In the qualifying exam for the MIT integration bee 2023, the following question was asked: $$\int_0^1\prod_{n=0}^{\infty}\frac1{1+x^{2^n}}dx$$I graphed the integrand (denoted as $f(x)$) and from what I could see it is equal to $-x+1$ when $|x|<1$ and $0$ elsewhere.
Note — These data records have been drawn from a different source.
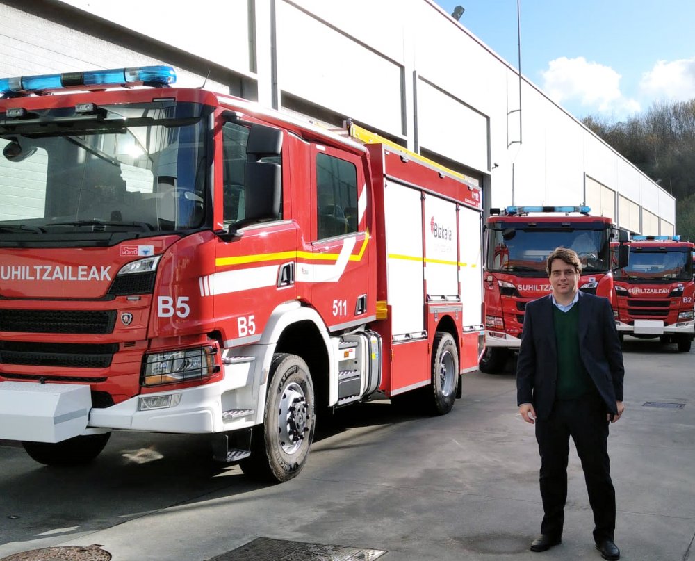 Vizcaya İl Genel Meclisi, 15 yeni araç alımı ile mevcut filonun neredeyse yüzde 25'ini yeniledi. Yeni kamyonlar, verimliliği artırarak ve hızlı müdahale kabiliyetlerini geliştirerek şehrin Yangın Önleme, İtfaiye ve Kurtarma Hizmetlerine katkı sunacak. Yedi milyon avroluk yeni filo yatırımı, tümü Allison tam otomatik şanzıman donanımlı altı adet ağır hizmet tipi itfaiye aracı, üç adet ağır hizmet tipi büyük tanklı arazöz, üç adet ilk müdahale aracı ve üç adet otomatik döner merdivenli aracı kapsıyor.
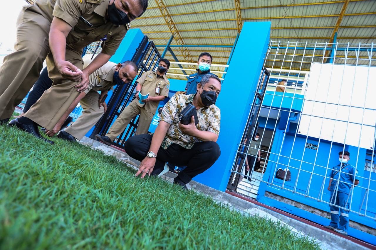 Yana juga menyempatkan diri meninjau infrastruktur lainnya seperti kondisi lampu lapangan dan kamar ganti pemain.
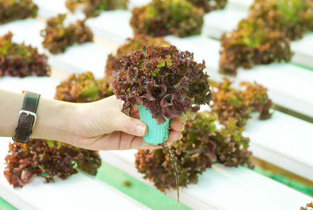 Farmer picking hydroponic red oak up in plant nursery farm. organic salad vegetable.
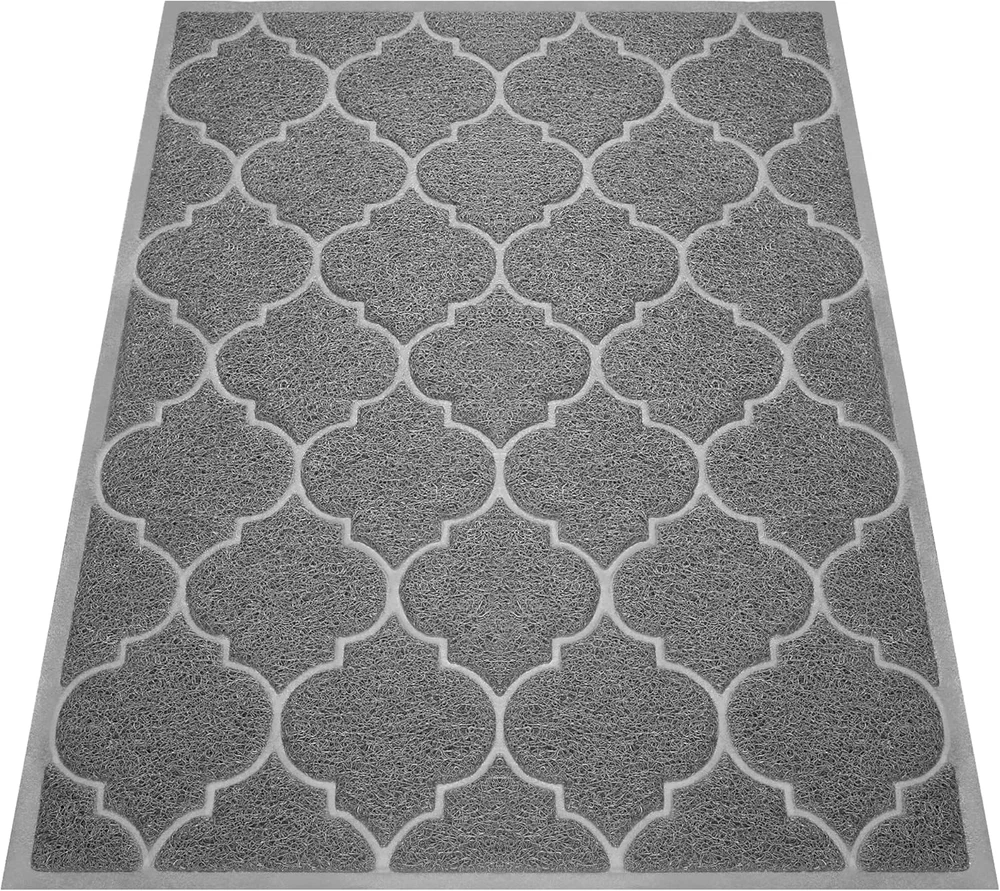 Water Resistance Level: Waterproof Theme: winter Rug Form Type: Doormat Number of Pieces: 1 Item Weight: 3.9 Pounds Pile Height: Low Pile Pattern: Trellis Construction Type: Machine Made Size: 46"x35" Product Dimensions: 46"L x 35"W Is Autographed: No Is Stain Resistant: Yes Model Name: Door Mat Color: Grey Age Range (Description): Adult Room Type: Laundry Room, Kitchen Brand: Does not apply Item Thickness: 0.4 Inches Back Material Type: Rubber UPC: 313053164194 Country of Origin: China Material: pvc Item model number: B07FM3Z77T Type: Does not apply Occasion: Housewarming Special Feature: Waterproof, Fade Resistant, Quick Dry, Non Slip, Washable gtin13: 313053164194 Is Discontinued By Manufacturer: No Style: Outdoor & Indoor Shape: Rectangular Indoor/Outdoor Usage: Outdoor, Indoor
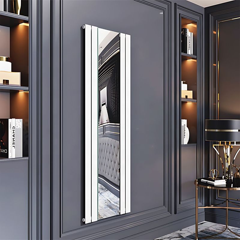 Multifunktionales Design – vereint die Eleganz eines vertikalen Spiegels mit der Leistung eines Heizkörpers. Er schafft Helligkeit, Raumtiefe, spart Platz und bietet mit 593 Watt effiziente Wärme.
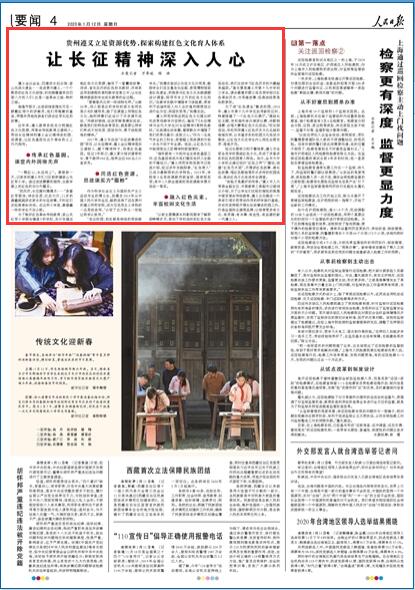 “體驗才是最好的傳承!弊窳x市人大常委會副主任、市委教育工委副書記曾潤云介紹,為了讓學生們在輕松愉悅的氛圍中接受革命傳統教育,遵義正在建設一個具有引領示范帶動作用的研學旅行基地,并依托其持續開展長征故事進校園工作,打造全國知名德育品牌,以培育更多有文化、有靈魂、有本事、有血性、有品德的新一代遵義人。
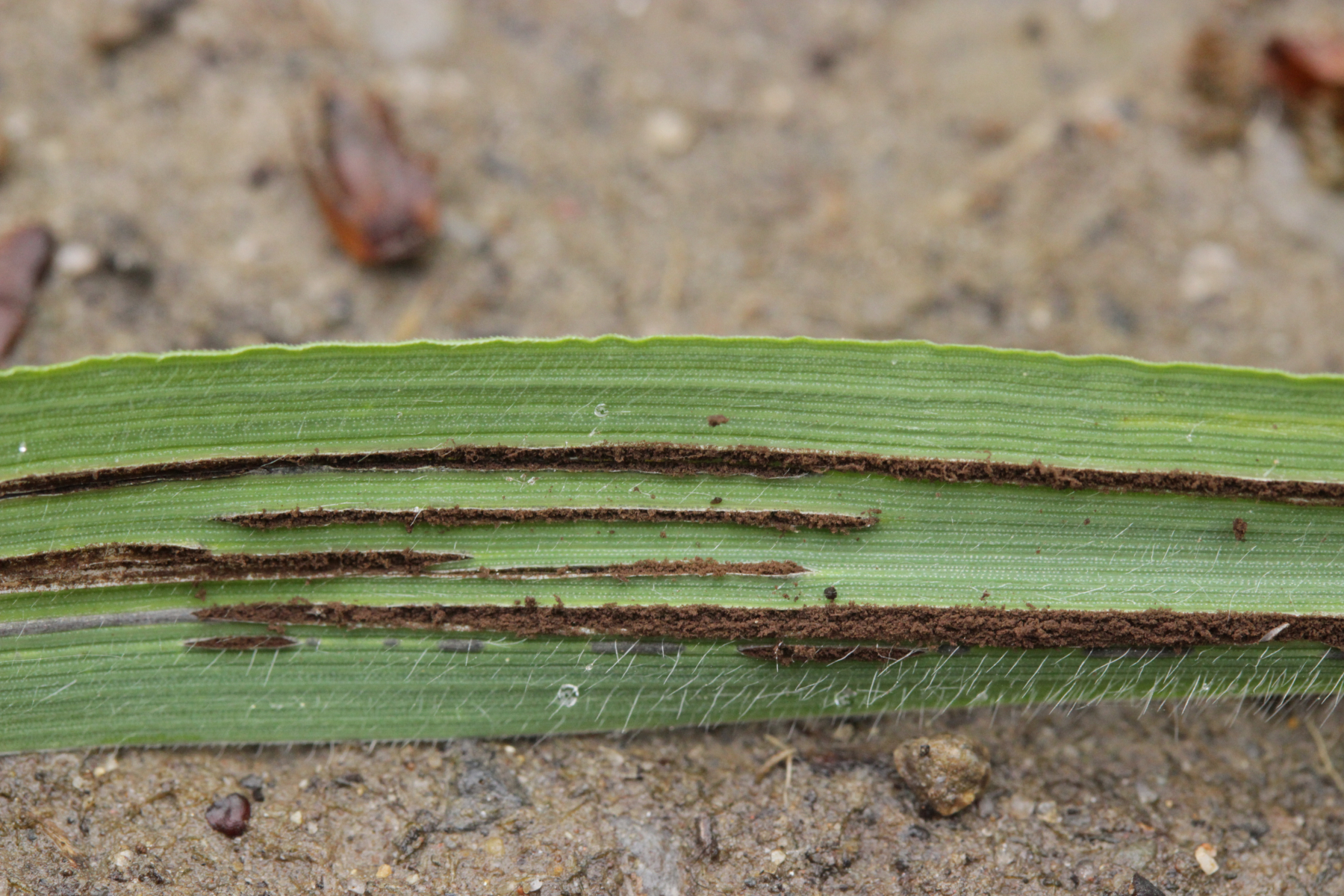 3. Ein Brandpilz an einem Gras. Das Gras wurde von unseren Botanikern vor Ort als Dactylis glomerata bestimmt, womit man dann bei Urocystis dactylidina auskommen würde. Das wäre ein Pilz, der das letzte mal 1967 im Kanton Vaud in der Schweiz gesichtet wurde... da müssen wir also zur Sicherheit noch mal einen besseren Blick auf das Gras werfen.
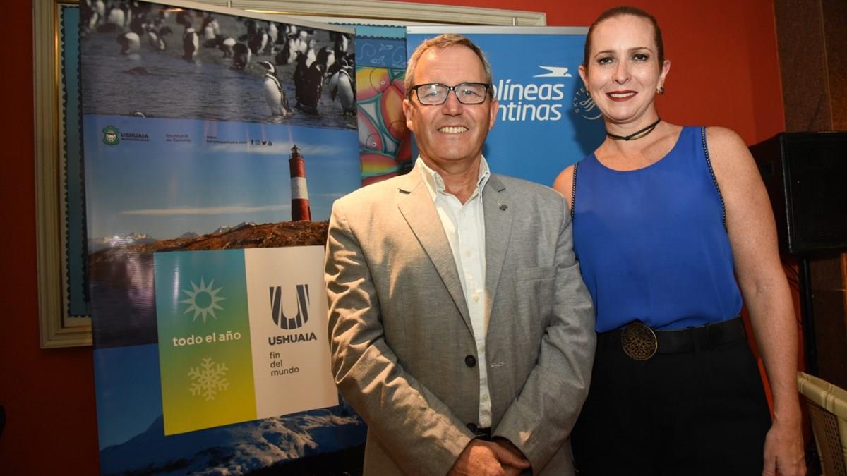 Secretario de turismo de Ushuaia, José Luis Recchia, com a chefe do programa de assuntos internacionais de Ushuaia, Cristiane Cavalli

All I was able to do was prove that $f(0)=1$ and $f(1)=0$. So how could I find a closed form for this product?

Answer 1

This is a telescoping product.

$$(1-x^{2^n})(1+x^{2^n}) = 1 - x^{2^{n+1}}.$$

Therefore, $$(1-x) \prod_{n=0}^N (1+x^{2^n}) = 1 - x^{2^{N+1}}.$$

The rest of the details I leave to you as an exercise.

Answer 2

Re-write the product: $$\prod_{k=0}^\infty\frac1{1+x^{2^k}}=\frac1{\prod_{k=0}^\infty(1+x^{2^k})}$$Expanding the first few partial products of the denominator, we get that it seems to be $$\prod_{k=0}^N(1+x^{2^k})=\frac{1-x^{2\epsilon(N)}}{1-x^2}(1+x)=\frac{1-x^{2\epsilon(N)}}{1-x}$$Where $\epsilon(N)=\sum_{k=1}^n2^k$. As $N$ approaches infinity, the numerator becomes $1$. Taking the reciprocal gives the answer.